EXERCISE GOAL - From the line that contains "Участок высоки" down to the last line of the listing below, reproduce each line exactly but not the pictures.

DATA SECTION -
:::

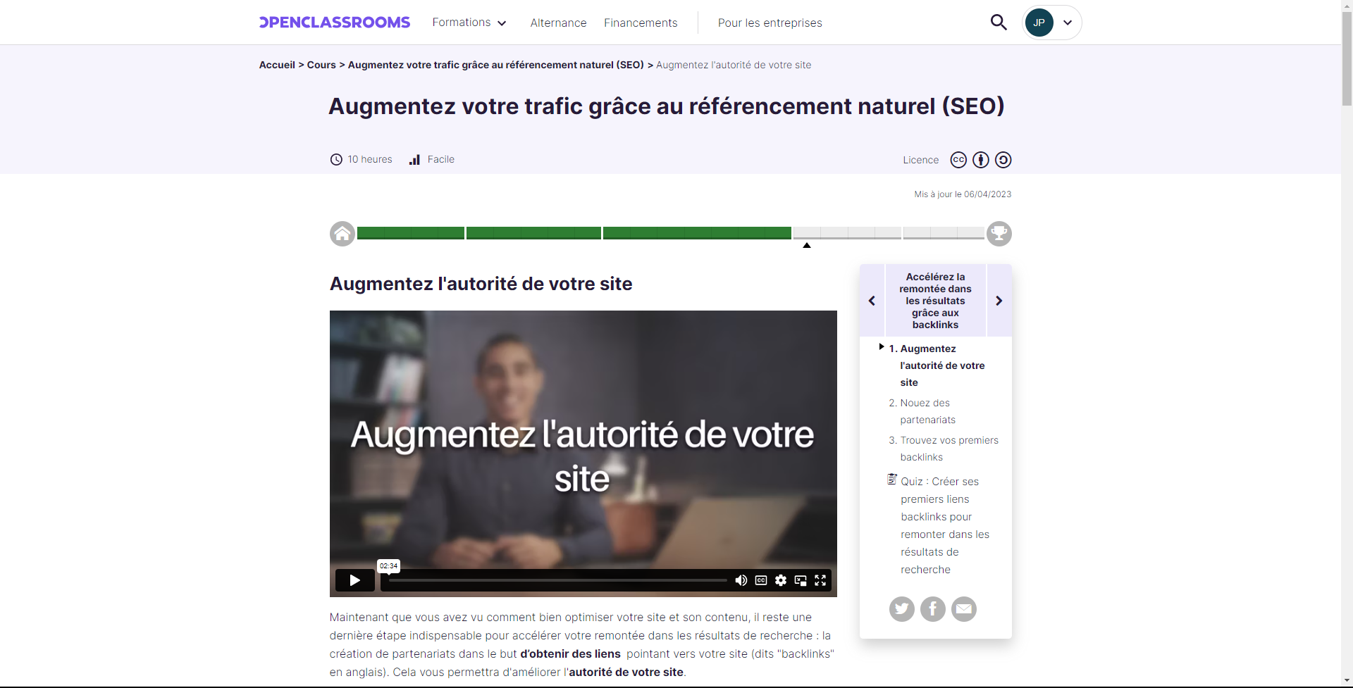 votre trafic grâce au référencement naturel" sur le site OpenClassroom et application sur des
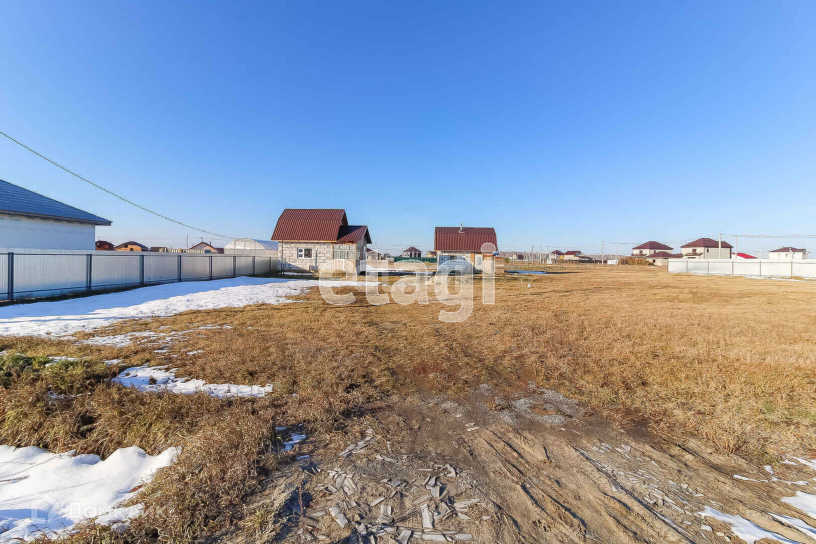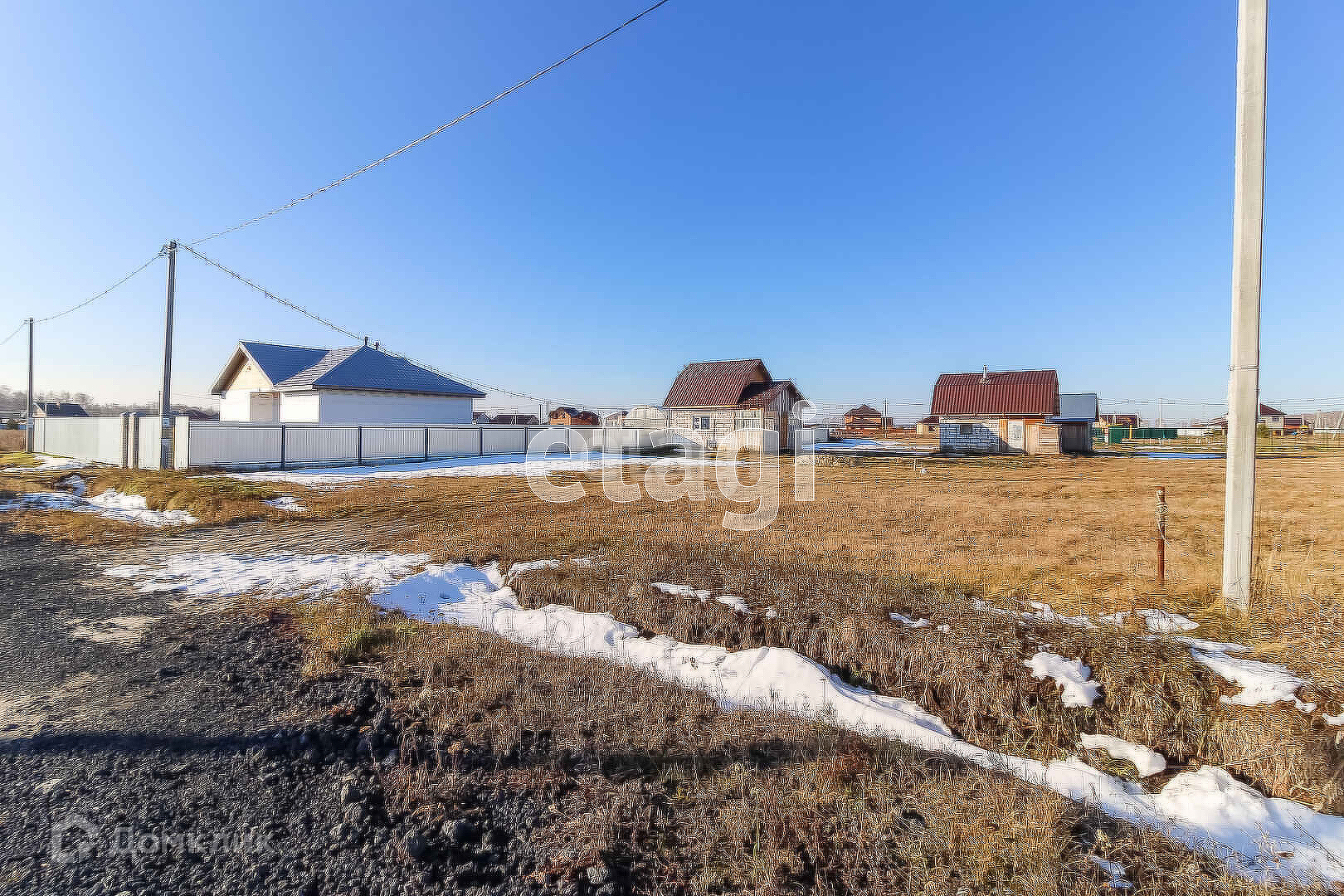 Участок высокий. Отступы при строительстве соблюдены. Широкие дороги чистят всю зиму. Ходит школьный автобус.
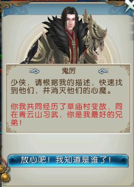 如文章开头所说,副本中需要找对鬼厉暗示的NPC,找对后BOSS会出现在地图中央,切记让新手玩家远离那个区域。下面呈上每个NPC对应的描述。
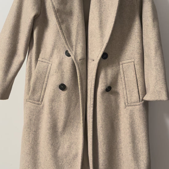 Elevate your wardrobe with this elegant beige coat, a timeless piece that combines sophistication and comfort. Crafted from soft, high-quality fabric, it features a classic tailored silhouette, perfect for layering over both casual and formal outfits. Its neutral tone makes it a versatile addition that complements any style effortlessly.

:::

OUTPUT OF THE TASK -
 Участок высокий. Отступы при строительстве соблюдены. Широкие дороги чистят всю зиму. Ходит школьный автобус.
 如文章开头所说,副本中需要找对鬼厉暗示的NPC,找对后BOSS会出现在地图中央,切记让新手玩家远离那个区域。下面呈上每个NPC对应的描述。
 Elevate your wardrobe with this elegant beige coat, a timeless piece that combines sophistication and comfort. Crafted from soft, high-quality fabric, it features a classic tailored silhouette, perfect for layering over both casual and formal outfits. Its neutral tone makes it a versatile addition that complements any style effortlessly.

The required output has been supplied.